* Problem to work on
The records below are to be returned word for word, with pictures left out.

Entries supplied Start Marker

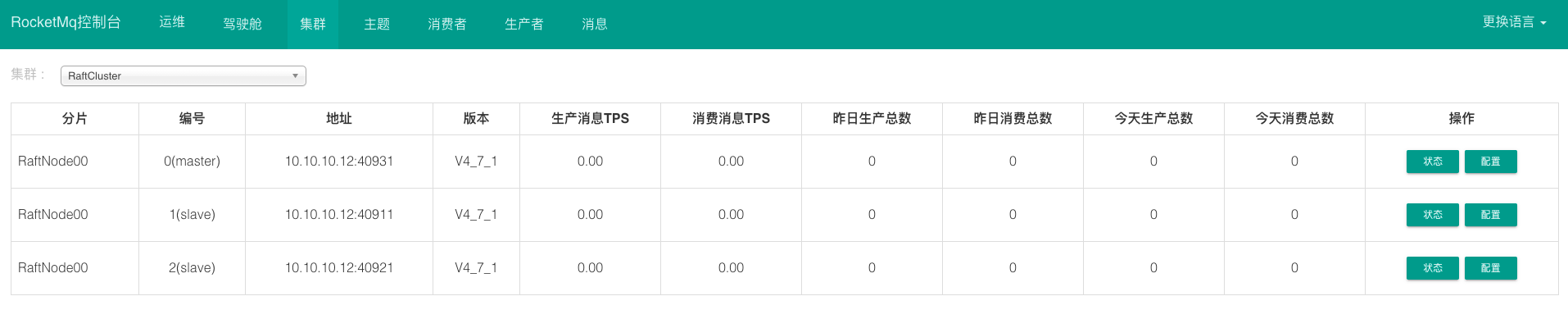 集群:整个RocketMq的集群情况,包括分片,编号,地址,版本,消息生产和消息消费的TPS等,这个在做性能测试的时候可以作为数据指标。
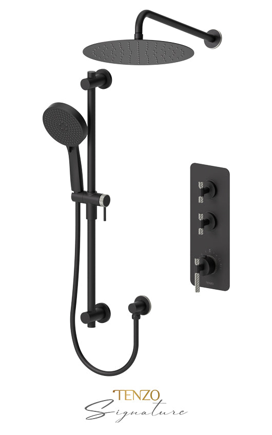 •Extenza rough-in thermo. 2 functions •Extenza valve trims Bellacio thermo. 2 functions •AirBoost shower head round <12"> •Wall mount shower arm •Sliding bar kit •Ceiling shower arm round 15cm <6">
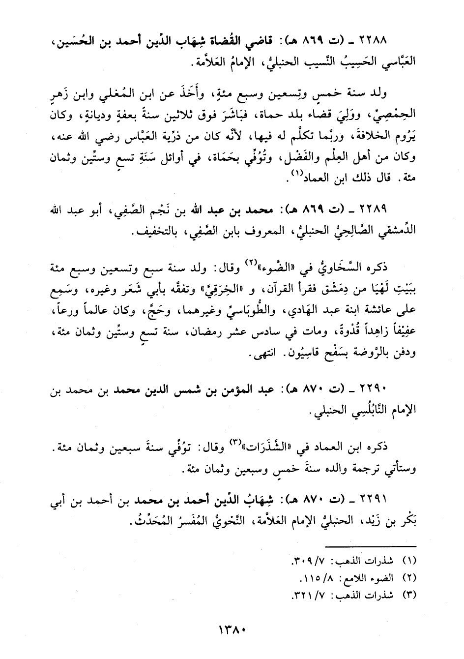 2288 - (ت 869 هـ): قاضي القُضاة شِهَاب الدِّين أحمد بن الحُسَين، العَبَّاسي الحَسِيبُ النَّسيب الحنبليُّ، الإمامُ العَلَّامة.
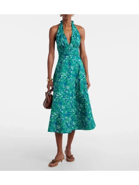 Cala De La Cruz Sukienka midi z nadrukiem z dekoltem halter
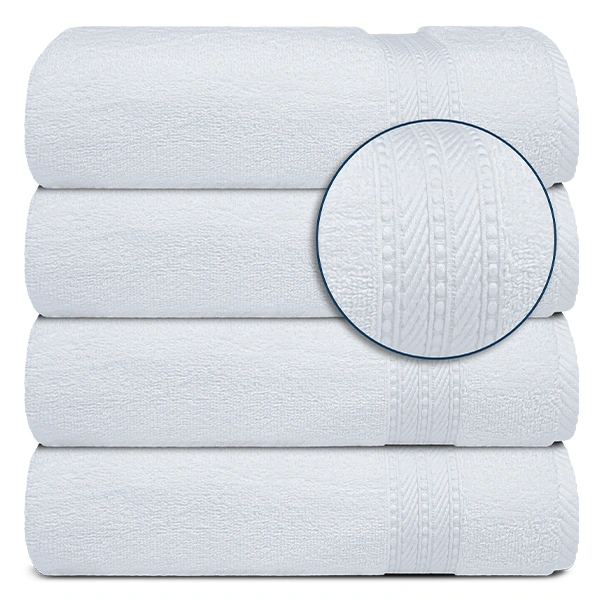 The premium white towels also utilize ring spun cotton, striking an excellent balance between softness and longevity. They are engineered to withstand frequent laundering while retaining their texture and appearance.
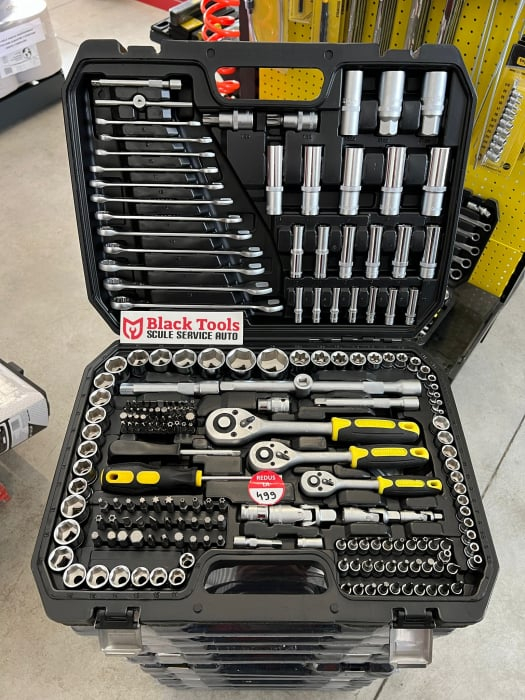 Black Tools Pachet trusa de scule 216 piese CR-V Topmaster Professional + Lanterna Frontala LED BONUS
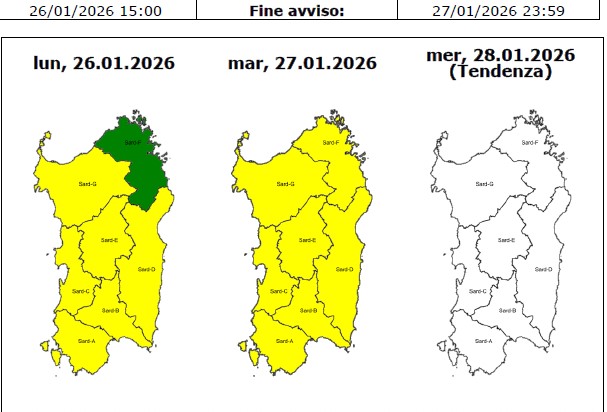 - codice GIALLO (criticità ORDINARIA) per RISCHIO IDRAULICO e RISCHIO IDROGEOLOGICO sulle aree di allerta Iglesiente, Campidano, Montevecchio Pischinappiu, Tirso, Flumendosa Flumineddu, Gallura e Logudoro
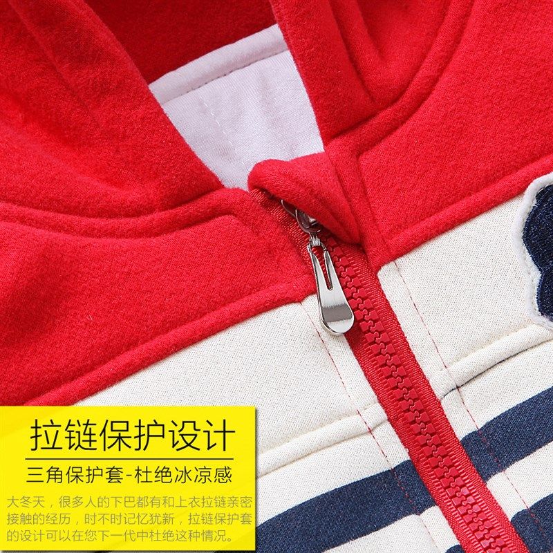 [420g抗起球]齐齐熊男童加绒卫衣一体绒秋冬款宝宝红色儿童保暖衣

Entries supplied End Marker

* Result of this exercise
 集群:整个RocketMq的集群情况,包括分片,编号,地址,版本,消息生产和消息消费的TPS等,这个在做性能测试的时候可以作为数据指标。
 •Extenza rough-in thermo. 2 functions •Extenza valve trims Bellacio thermo. 2 functions •AirBoost shower head round <12"> •Wall mount shower arm •Sliding bar kit •Ceiling shower arm round 15cm <6">
 2288 - (ت 869 هـ): قاضي القُضاة شِهَاب الدِّين أحمد بن الحُسَين، العَبَّاسي الحَسِيبُ النَّسيب الحنبليُّ، الإمامُ العَلَّامة.
 Cala De La Cruz Sukienka midi z nadrukiem z dekoltem halter
 The premium white towels also utilize ring spun cotton, striking an excellent balance between softness and longevity. They are engineered to withstand frequent laundering while retaining their texture and appearance.
 Black Tools Pachet trusa de scule 216 piese CR-V Topmaster Professional + Lanterna Frontala LED BONUS
 - codice GIALLO (criticità ORDINARIA) per RISCHIO IDRAULICO e RISCHIO IDROGEOLOGICO sulle aree di allerta Iglesiente, Campidano, Montevecchio Pischinappiu, Tirso, Flumendosa Flumineddu, Gallura e Logudoro
 [420g抗起球]齐齐熊男童加绒卫衣一体绒秋冬款宝宝红色儿童保暖衣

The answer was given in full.